Санкт-Петербург: Экскурсия памяти жертв политических репрессий

Литературное творчество и жизнь... Жизнь и литература. Эти понятия  не могут существовать друг без друга. В творчество каждого поэта, писателя, драматурга рано или поздно врывается обычная будничная жизнь, которая может разрушить, загубить, или, наоборот, увековечить.

В нестабильное неспокойное время литераторам всех стран приходиться сталкиваться с огромным (и в большинстве своем несправедливо работающим) государственным механизмом, видя произвол которого – они не могут молчать и вступают с ним в борьбу.

В свою очередь, этот механизм начинает борьбу с литераторами. Результаты борьбы обеих сторон создают небывалый общественный резонанс, отзвуки которого остаются во времени и доносятся до следующих поколений борцов.

Наша экскурсия посвящена  тем литераторам, которые боролись во всеуслышание и память о творчестве которых чтят даже те, кто боролся по другую сторону баррикад.

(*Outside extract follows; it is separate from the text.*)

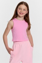 Топ для девочек прилегающего силуэта. Горловина круглая. Проймы и горловина окантованы бейкой из основного полотна. Низ изделия обработан швом в подгибку.
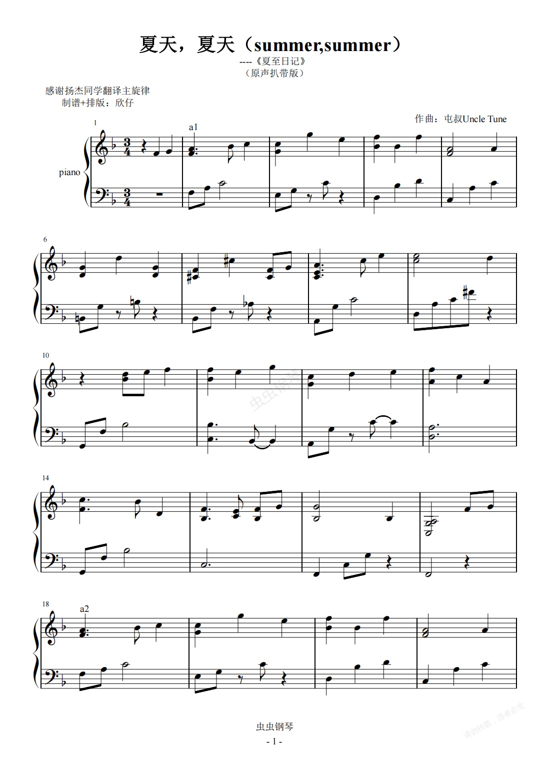 钢琴谱:屯叔Uncle Tune-F《夏天,夏天》钢琴曲(原声扒带版)

Перед вами памятник «Жертвам политических репрессий». Он был открыт 28 апреля 1995 года. Создание памятника принадлежит  скульптору Михаилу Шемякину и архитекторам Вячеславу Бухаеву и Анатолию Васильеву. Место его расположения выбрано неслучайно – набережная Робеспьера напротив печально известной тюрьмы «Кресты».

В основе мемориала – один из символов Санкт-Петербурга – скульптуры сфинксов, расположенные напротив друг друга на расстоянии нескольких метров. Туловища сфинксов худые, и через их кожу выступают кости, а высокая посадка головы выражает тревогу и обеспокоенность. К жилым домам эти необычные сфинксы обращены профилем как юные женские лица, к Неве и тюрьме —   изъеденные, обнажившиеся черепа.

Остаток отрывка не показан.